Start of Records shown

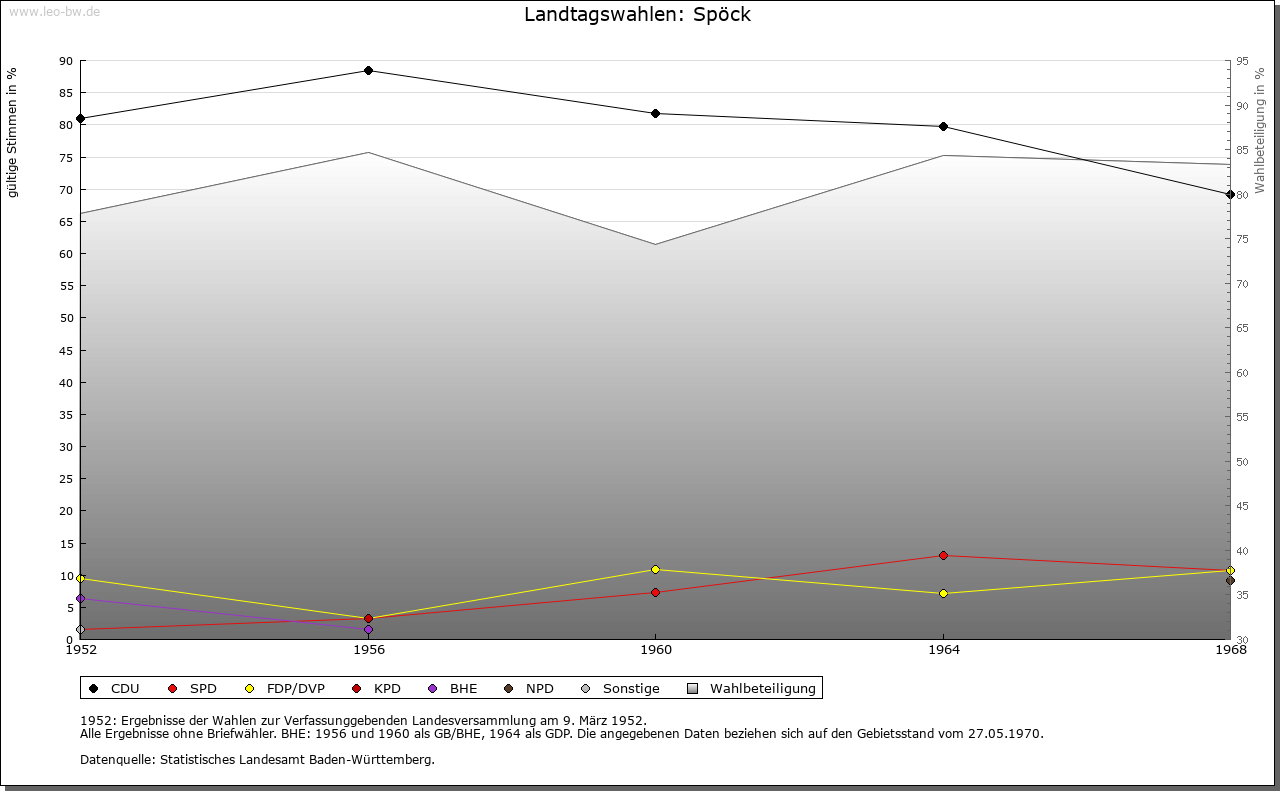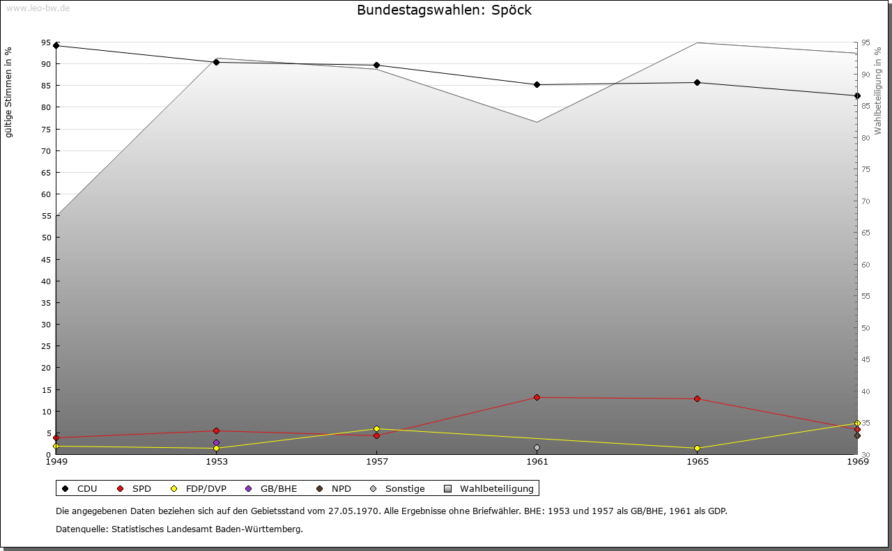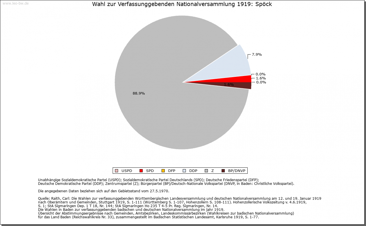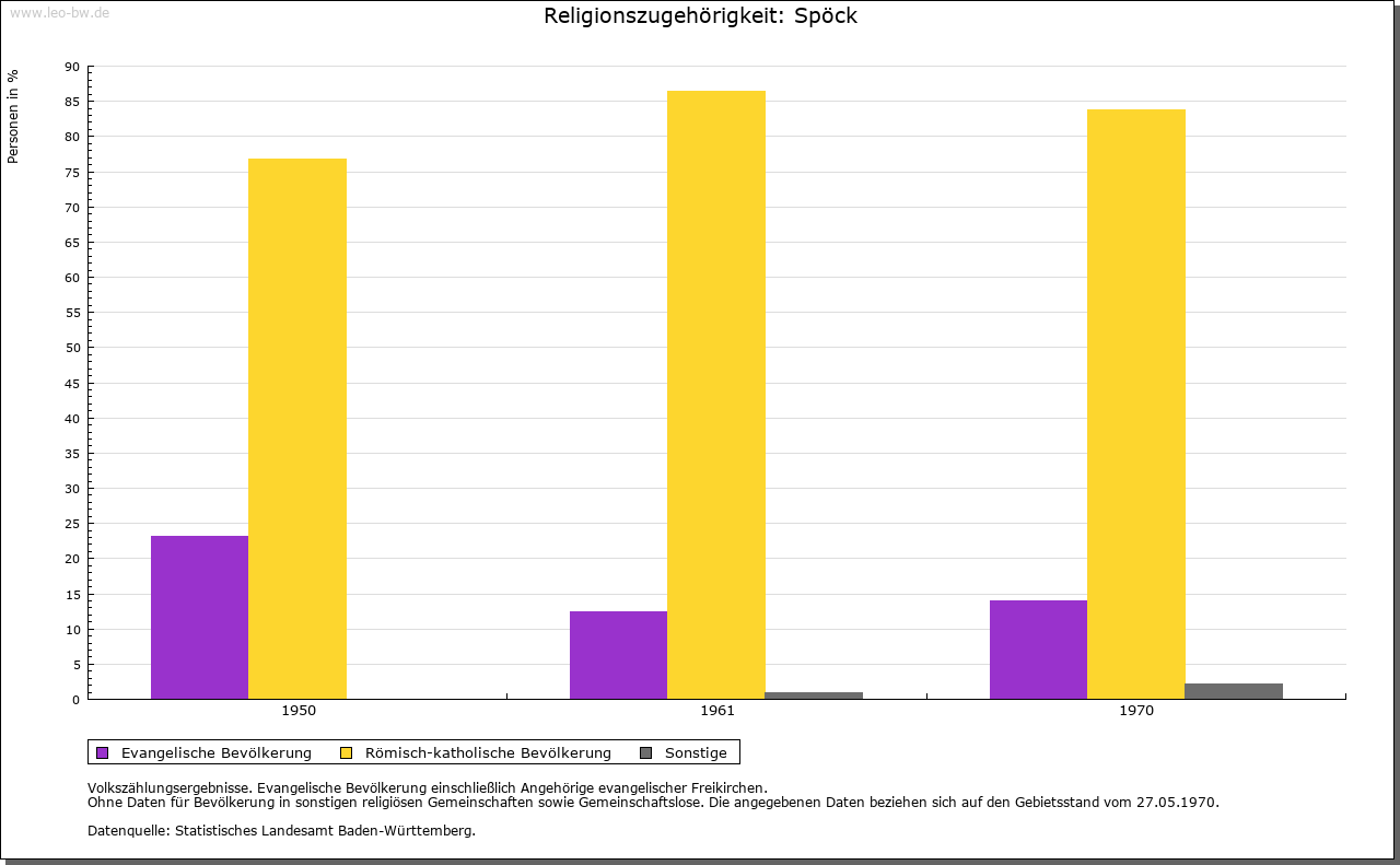 | Geschichte: | 1244 (Tradition 13. Jahrhundert), 1248 de Specke. Der niederadlige Ritter Eggehart von Spöck ist um 1244 bis 1248 als Lehensmann der Herren von Bittelschieß erwähnt. Güter der Herren von Gundelfingen gingen 1265 und 1279 an Kloster Salem über. Nachweislich 1324 gehörte der Ort zur Grafschaft Sigmaringen, die auch später stets die Hochgerichtsbarkeit ausübte. Im übrigen gehörte er zum salemischen Amt Ostrach, schied mit diesem 1611 aus der Grafschaft aus und fiel 1803 an die Fürsten von Thurn und Taxis. 1806 unter die Staatshoheit von Hohenzollern-Sigmaringen, 1850 an Preußen. Bis 1862 beim standesherrlichen Oberamt Ostrach, dann Oberamt (1925 Landkreis) Sigmaringen. |
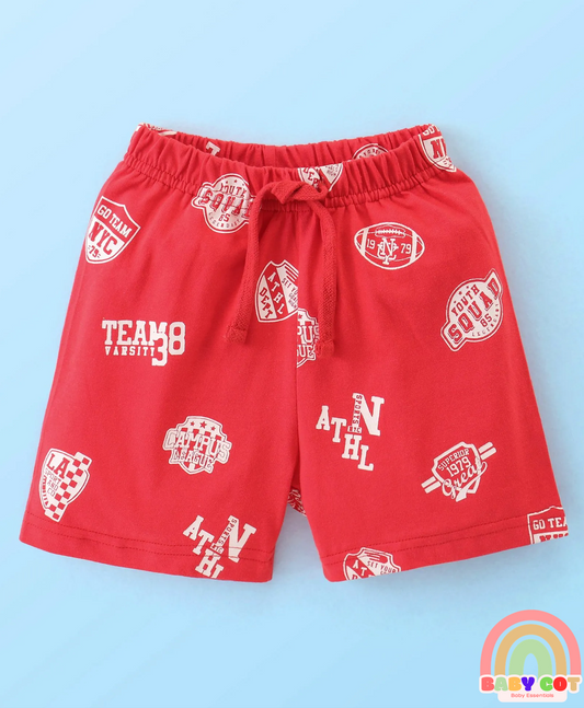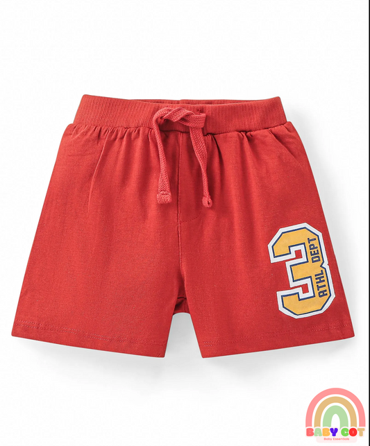 Cotton Knit Shorts with Number & Text Print Pack of 3 - Blue Red & Yellow
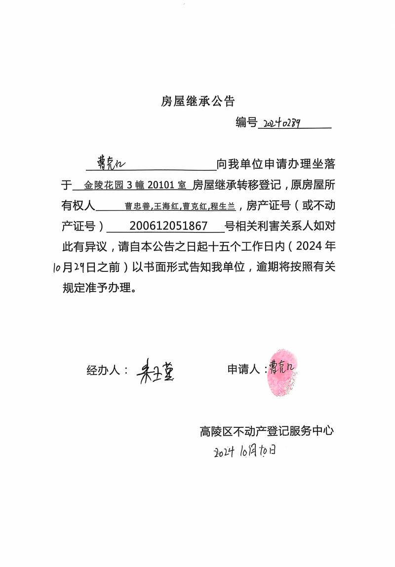 曹克紅房屋繼承公告 編號:20240289
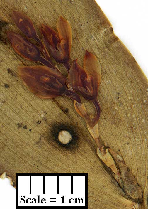 Found in Pataza Ecuador at elevations of 1000 to 1160 meters as a small sized, warm growing, caespitose epiphyte with sharply winged, laterally compressed, sulcate from the middle, erect, ramicauls enveloped by 2 to 3, thin, tubular sheaths and carrying a single, apical, erect, coriaceous, narrowly ovate, acute, acuminate, decurrent onto the ramicaul, cuneate below in to the sessile base leaf that blooms in the spring and fall on fascile , .2 to .24" [5 to 6 mm] long, successive flowered inflorescence arising at the apex of the ramicaul through a spathe
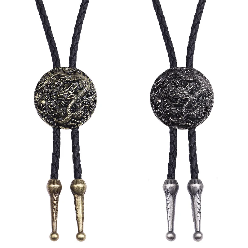 BOLO TIE Necklace Ethnic Style Men Women Bolo Tie Silver Chinese Dragon Necklace Leather Long Necklace Sweater Chain Pendant
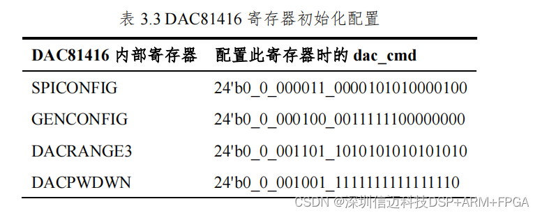 始化阶段,对表 3.3 所示的几个寄存器进行配置,并用 init_done_flag 信号指示初
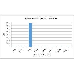 Clone RM201 reacts to Histone H4 acetylated at Lysine 8 (K8ac). No cross reactivity with other acetylated Lysines in Histone H4. Western Blot: 0.5 µg/ml - 2 µg/ml; ELISA: 0.2 µg/ml - 1 µg/ml; Multiplex: 0.05 µg/ml – 1 µg/ml; Immunocytochemistry: 0.5 µg/ml- 2 µg/ml.
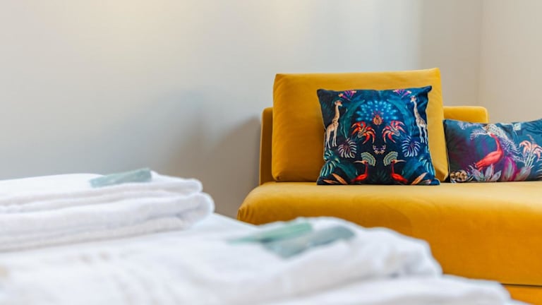 Die Ferienwohnung umfasst zwei Schlafzimmer, ein Wohnzimmer und eine voll ausgestattete Küche mit Kühlschrank und Wasserkocher. Ein Badezimmer ist ebenfalls vorhanden, das mit einem Bidet und einer Dusche ausgestattet ist. Handtücher und Bettwäsche werden bereitgestellt.
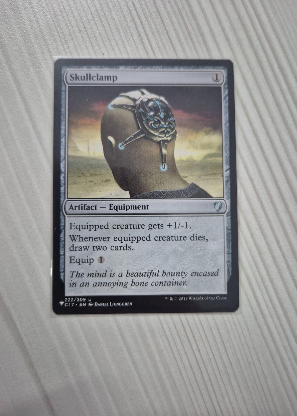 Skullclamp is an Artifact – Equipment card illustrated by Daniel Ljunggren, released in Commander 2017 (C17). This card is widely recognized for its high playability, especially in Commander and Legacy formats, where it's prized for its powerful card draw ability. Equipped creatures get +1/-1, and whenever an equipped creature dies, you draw two cards. Its unique ability makes it a staple in many competitive and collectible decks. This specific card is not foil.

End of Records shown

◆ **What is required**: With all pictures left out, please transcribe exactly the lines from the start of the material through the line with "曹克紅房屋繼承公告 編號:20240289".

◆ **Response for this exercise**:
 | Geschichte: | 1244 (Tradition 13. Jahrhundert), 1248 de Specke. Der niederadlige Ritter Eggehart von Spöck ist um 1244 bis 1248 als Lehensmann der Herren von Bittelschieß erwähnt. Güter der Herren von Gundelfingen gingen 1265 und 1279 an Kloster Salem über. Nachweislich 1324 gehörte der Ort zur Grafschaft Sigmaringen, die auch später stets die Hochgerichtsbarkeit ausübte. Im übrigen gehörte er zum salemischen Amt Ostrach, schied mit diesem 1611 aus der Grafschaft aus und fiel 1803 an die Fürsten von Thurn und Taxis. 1806 unter die Staatshoheit von Hohenzollern-Sigmaringen, 1850 an Preußen. Bis 1862 beim standesherrlichen Oberamt Ostrach, dann Oberamt (1925 Landkreis) Sigmaringen. |
 Cotton Knit Shorts with Number & Text Print Pack of 3 - Blue Red & Yellow
 曹克紅房屋繼承公告 編號:20240289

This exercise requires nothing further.